Beleggingsfondsen uit de gratie
In het eerste kwartaal van 2005 hebben beleggers relatief veel geld
onttrokken aan de in Nederland gevestigde beleggingsfondsen: EUR 1,4
miljard. De daling van de ingelegde gelden heeft zich bij alle
belangrijke fondstypen voorgedaan. Voor de eerste keer sinds 2000
waren dit kwartaal ook de obligatiefondsen minder populair bij de
Nederlandse belegger; hieraan werd EUR 0,6 miljard onttrokken. De
uitstroom van middelen vond hoofdzakelijk plaats bij de grotere
fondsen.
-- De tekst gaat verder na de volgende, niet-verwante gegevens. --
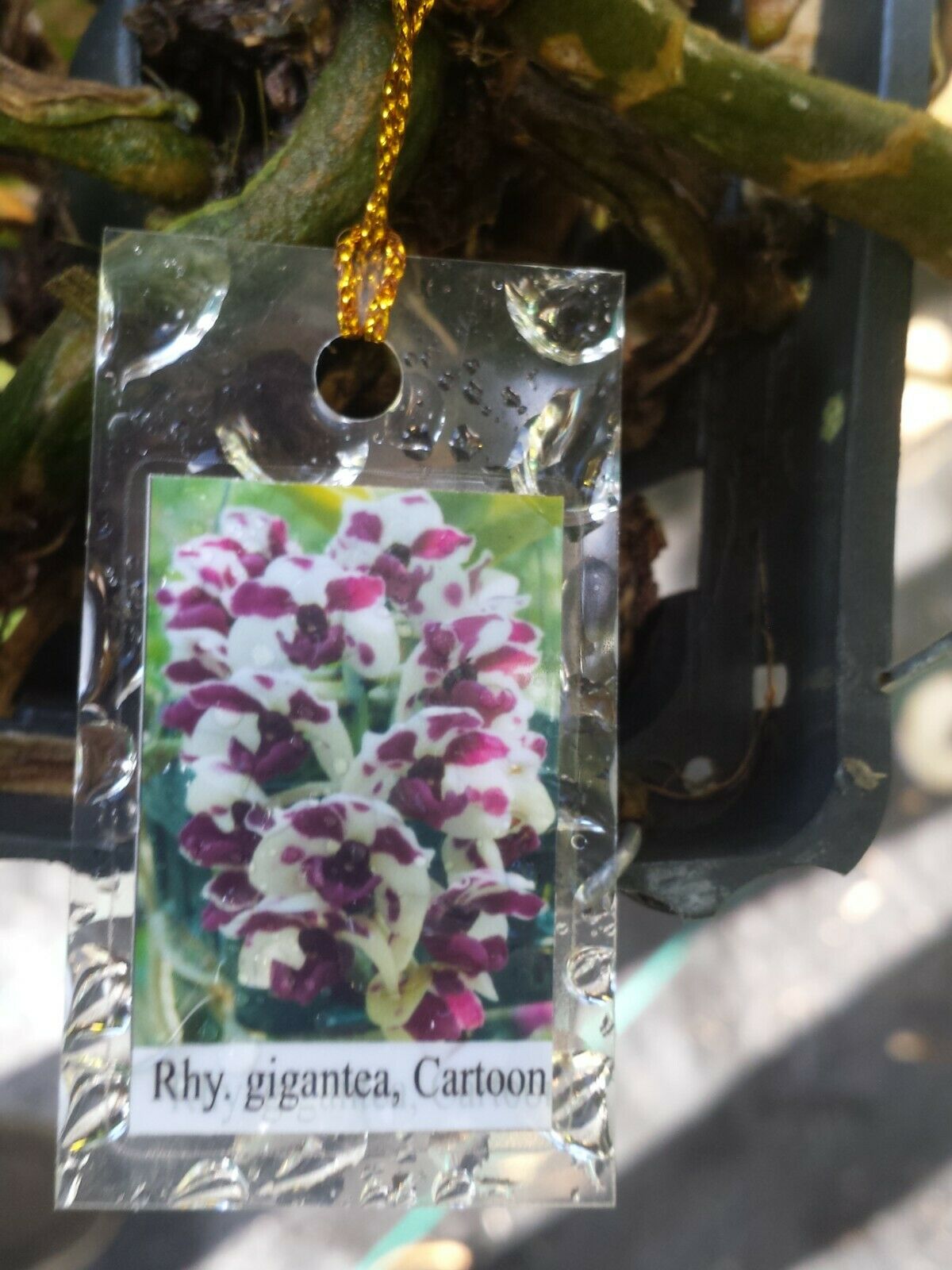 First photo is pic of blooms on plant tag. This sale is for a mature blooming size plant similar to plant shown in pics that currently may or may not be in spike. Rhyn. gigantea generally bloom winter to early spring.

De belegger bleef daarentegen de kleinere, meer
gespecialiseerde, fondsen aantrekkelijk vinden.
De netto uitstroom lijkt te wijten aan de grotere populariteit van
andere beleggingsvormen, waardoor mogelijk substitutie optrad. Uit
betalingsbalanscijfers blijkt dat institutionele beleggers in ons land
zich momenteel sterker richten op buitenlandse obligaties. Voorts
laten gegevens van DNB zien dat bij de kleine belegger meer animo is
ontstaan voor het aanhouden van spaarsaldi bij Nederlandse banken,
getuige de stijging van EUR 4 miljard.
Grensoverschrijdend effectenbezit in tien jaar tijd verdubbeld
In het afgelopen jaar is de buitenlandse participatie in het bezit aan
Nederlandse effecten verder gestegen: 2 van de 3 Nederlandse effecten
zijn nu in handen van buitenlandse beleggers. In 1994 was dit nog 1
van de 3: een verdubbeling in tien jaar tijd dus. Maar ook de
Nederlandse belegger is zich in deze periode eveneens veel
internationaler gaan oriënteren: ook hier geldt dat er twee keer zo
veel buitenlandse als Nederlandse effecten in portefeuille worden
gehouden.
Het totale Nederlandse bezit aan buitenlandse effecten is in 2004
uitgekomen op EUR 724 miljard (+17% ten opzichte van 2003). Naast
grote aankopen van voornamelijk obligaties werden substantiële
koersstijgingen gerealiseerd op buitenlandse aandelen. Het
buitenlandse bezit van Nederlandse effecten steeg eveneens aanzienlijk
naar EUR 743 miljard (+11%). Hier waren eveneens grote aankopen van
obligaties en koersstijgingen op Nederlandse aandelen verantwoordelijk
voor.
Groei Special Purpose Vehicles (SPV's) afgevlakt
Na jaren van flinke groei van via Nederlandse SPV's gesecuritiseerde
activa, is deze in 2004 afgevlakt. De omvang van de portefeuille met
gesecuritiseerde woninghypotheken groeide nog wel (+EUR 11 miljard),
maar die met andere gesecuritiseerde vorderingen, zoals
bedrijfskredieten, nam af (-EUR 8½ miljard).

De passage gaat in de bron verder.